I found her online and after clarifying that my shrimp/prawn allergy wouldn't be a hindrance, we promptly booked 2 places for her Spice Away the Blues - Thai Supperclub, last Friday.
I often find myself at a disadvantage in Thai restaurants because while I love the cuisine and the spice, their use of shrimp paste in the basic spice pastes, precludes most food from the menu. So I was very excited, when she promised me that I would be able to eat everything on that nights menu.
We arrived at their home in time and were warmly welcomed into their beautiful home by Urmi and the Delectable Mr G
We sat down to a table with an eclectic mix of people and Urmi explained her background of living in Thailand and which regions our menu for the night stemmed from.
Thai food needs to be eaten as soon as it is cooked. Its not meant to be reheated. So there was a bowl of shrimp crackers on the table while she quickly fried up our starters. I had to wait patiently, but that obviously gave me an advantage over the others. I could focus on all the home cooked goodies and eat more of them.
The fried tofu was so light, I've never eaten such a lovely version before. Often tofu gets tough and rubbery (not that I order it often), but this version was light, delicate and spongy on the inside of a crisp exterior.
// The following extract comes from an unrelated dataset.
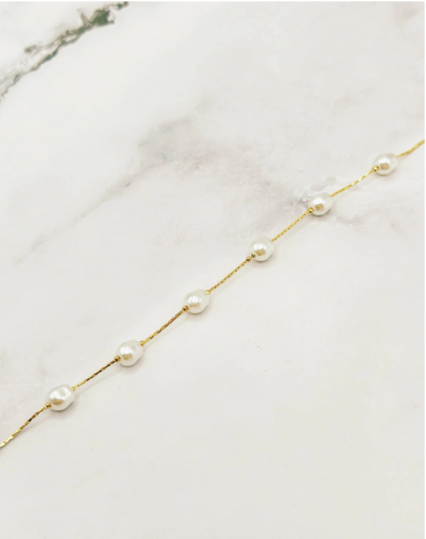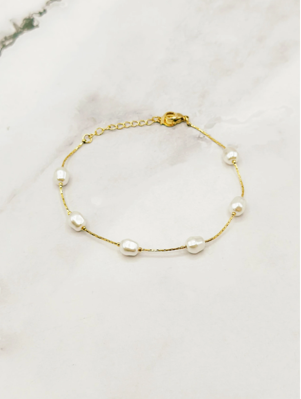 Minimaliste et élégant, ce bracelet en acier doré est rehaussé de perles blanches espacées avec régularité sur une fine chaîne torsadée.

The meat eating me reveled in the umpteen platters of fried chicken (Kai Thod Krob) that were brought to the table. So moreish. They were my second favourite dish of the evening.
My favourite dish for the day was definitely the fish ball soup (Kwa Tiew Look Chin Naam) which she assembled in front of us! Customised to individual tastes. I asked for a little extra chilli and lemon in mine. I could live on this soup. Such a light flavourful stock, the fresh herbs, the smooth slithery noodles and the delectable fish balls.
Even if the meal had ended right here, I would have been very happy and contented, but there was even more food to come.
The main course was egg fried rice (Kaw Phad Khai) served with a pork jungle curry (Gaeng Par) and a stir fry of morning glory (Phat Phak Kiew) with lovely caramelised bits of garlic?
Urmi had made a separate batch of pork curry for me without the shrimp paste which made me feel very special. I was just embarassed that I could barely begin to make a dent in it, as I was already quite stuffed. Others at the table were also waving the surrender flag.
But I knew to keep a little space for dessert. It was pumpkin stewed in coconut milk (Fucktong Buat). I was so happy that it wasn't a dessert with fruits in it (I'm not allergic, I just don't like the taste or texture of most of them) This was a really delicately flavoured dessert. No added sugar and a lot of slow cooking love.
The food was absolutely amazing. There were a couple of pescatarians at the table and she had alternative options for them for the pork curry and the fried chicken.
Michael is a wine connoisseur, so they offer the option to buy wine that goes well with their food at their house and quite a few took them up on their offer.
We aren't wine drinkers and the weather is too cold for cider, so we stuck to water. Therefore the palate cleanser of rose and lemon was really welcome midway through the meal. Absolutely refreshingly delicious.
At 35£, we were served a phenomenal quantity of food and so much variety, while catering to a myriad dietary restrictions, which is commendable for a home based operation.
Urmi also offers Cooking Classes and Demonstrations and also has an option that fulfills the skills section for the Duke of Edinburgh Awards. Her other options include supplying food and cooking in your home.